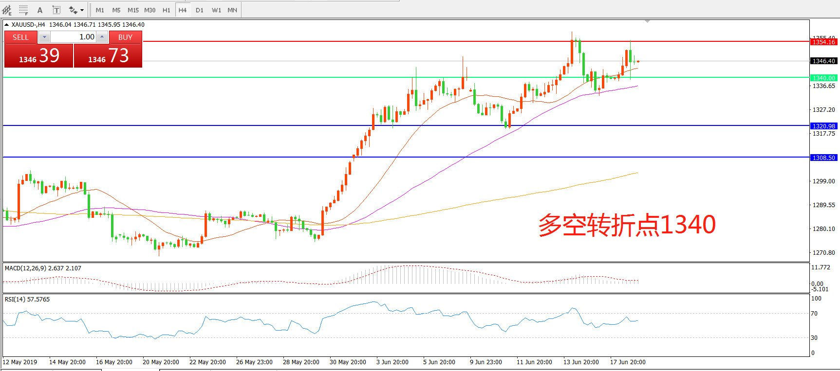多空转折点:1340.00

────────────────

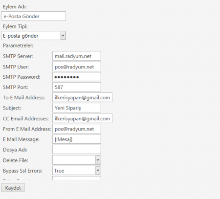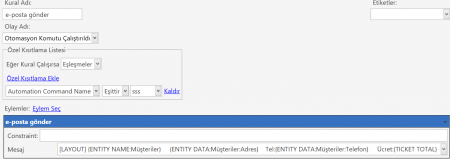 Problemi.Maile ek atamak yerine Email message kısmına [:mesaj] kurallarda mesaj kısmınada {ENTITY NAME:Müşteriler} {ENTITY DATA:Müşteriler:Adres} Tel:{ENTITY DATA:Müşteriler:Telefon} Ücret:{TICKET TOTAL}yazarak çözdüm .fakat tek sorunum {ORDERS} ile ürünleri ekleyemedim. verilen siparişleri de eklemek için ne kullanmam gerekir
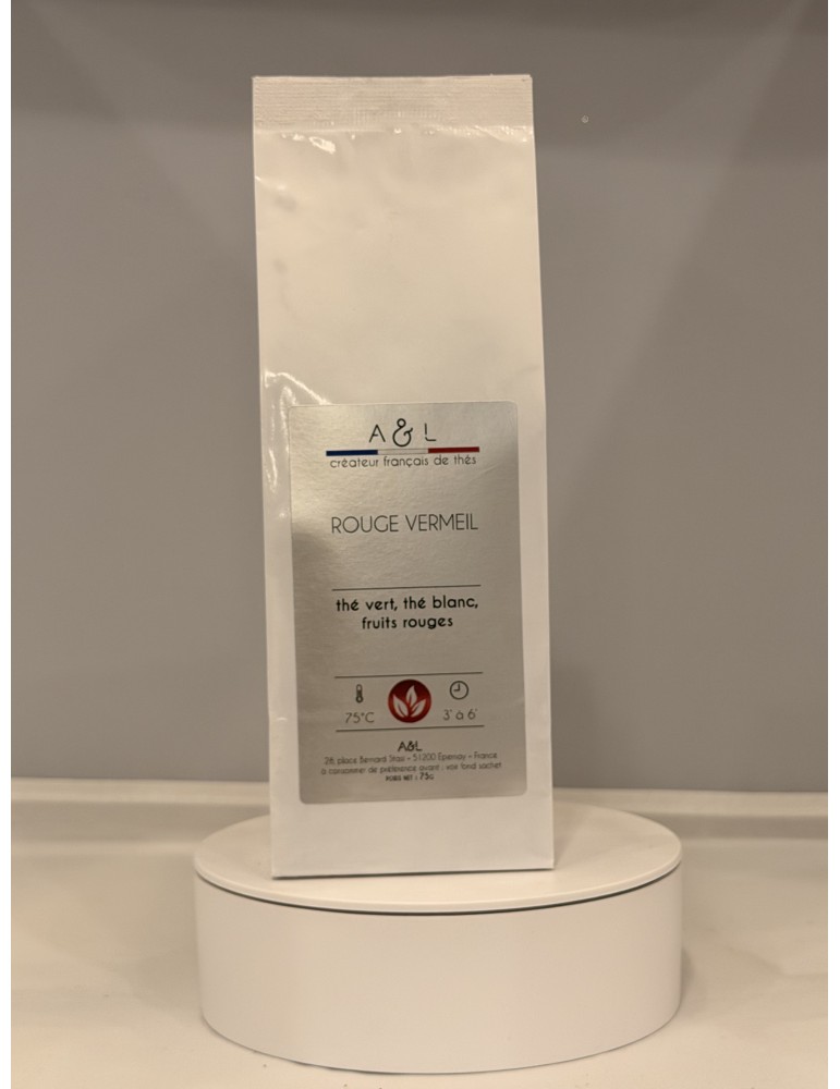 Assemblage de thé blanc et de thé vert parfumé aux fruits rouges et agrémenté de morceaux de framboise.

────────────────

> [Try it]:
In the records above, copy exactly everything from the line that has "Problemi.Maile ek atamak" down to the line that has "Assemblage de thé", both ends included, and leave out the pictures.

> [Solution below]:
 Problemi.Maile ek atamak yerine Email message kısmına [:mesaj] kurallarda mesaj kısmınada {ENTITY NAME:Müşteriler} {ENTITY DATA:Müşteriler:Adres} Tel:{ENTITY DATA:Müşteriler:Telefon} Ücret:{TICKET TOTAL}yazarak çözdüm .fakat tek sorunum {ORDERS} ile ürünleri ekleyemedim. verilen siparişleri de eklemek için ne kullanmam gerekir
 Assemblage de thé blanc et de thé vert parfumé aux fruits rouges et agrémenté de morceaux de framboise.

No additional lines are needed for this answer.